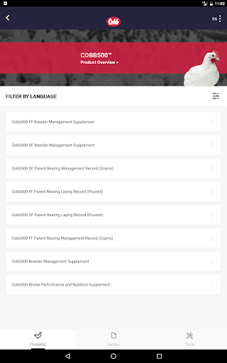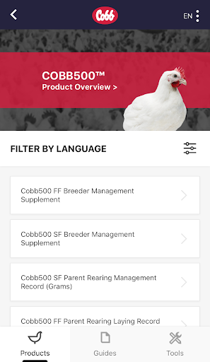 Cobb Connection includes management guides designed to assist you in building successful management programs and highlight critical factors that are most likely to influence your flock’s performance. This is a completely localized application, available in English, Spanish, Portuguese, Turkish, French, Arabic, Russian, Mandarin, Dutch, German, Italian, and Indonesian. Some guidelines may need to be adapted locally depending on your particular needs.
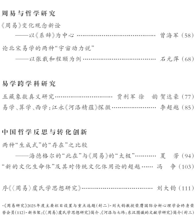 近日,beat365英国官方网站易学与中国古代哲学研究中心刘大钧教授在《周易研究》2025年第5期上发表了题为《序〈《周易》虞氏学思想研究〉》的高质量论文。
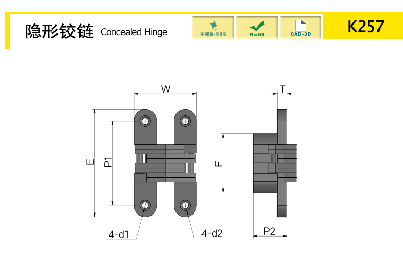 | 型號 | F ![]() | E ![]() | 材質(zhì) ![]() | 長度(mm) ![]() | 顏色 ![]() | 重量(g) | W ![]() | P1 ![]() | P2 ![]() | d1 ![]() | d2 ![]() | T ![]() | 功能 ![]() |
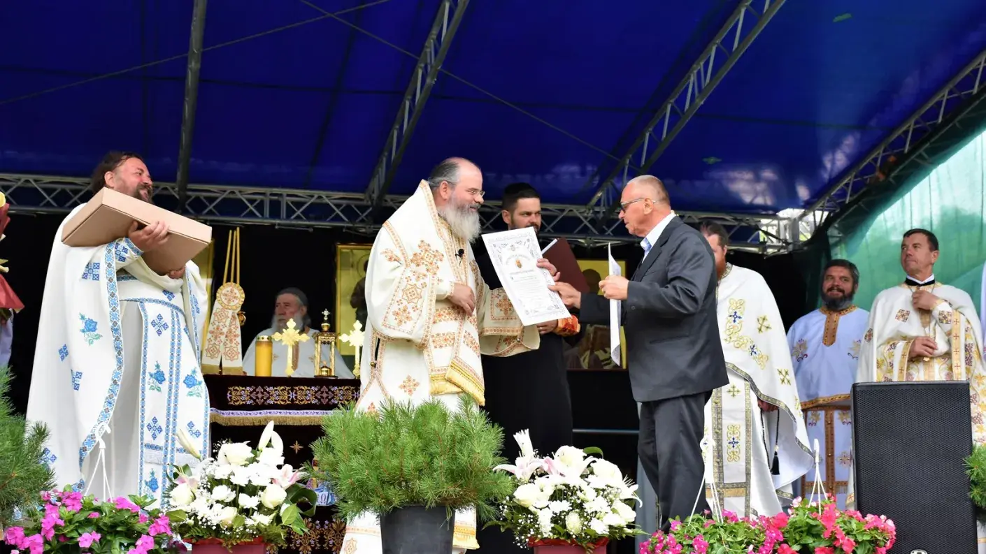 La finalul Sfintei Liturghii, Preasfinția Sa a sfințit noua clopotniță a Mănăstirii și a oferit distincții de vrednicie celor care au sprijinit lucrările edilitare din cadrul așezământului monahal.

******

## What is required
The material is to be written out word for word, and the pictures are to be left out.

## Written answer
 Cobb Connection includes management guides designed to assist you in building successful management programs and highlight critical factors that are most likely to influence your flock’s performance. This is a completely localized application, available in English, Spanish, Portuguese, Turkish, French, Arabic, Russian, Mandarin, Dutch, German, Italian, and Indonesian. Some guidelines may need to be adapted locally depending on your particular needs.
 近日,beat365英国官方网站易学与中国古代哲学研究中心刘大钧教授在《周易研究》2025年第5期上发表了题为《序〈《周易》虞氏学思想研究〉》的高质量论文。
 | 型號 | F ![]() | E ![]() | 材質(zhì) ![]() | 長度(mm) ![]() | 顏色 ![]() | 重量(g) | W ![]() | P1 ![]() | P2 ![]() | d1 ![]() | d2 ![]() | T ![]() | 功能 ![]() |
 La finalul Sfintei Liturghii, Preasfinția Sa a sfințit noua clopotniță a Mănăstirii și a oferit distincții de vrednicie celor care au sprijinit lucrările edilitare din cadrul așezământului monahal.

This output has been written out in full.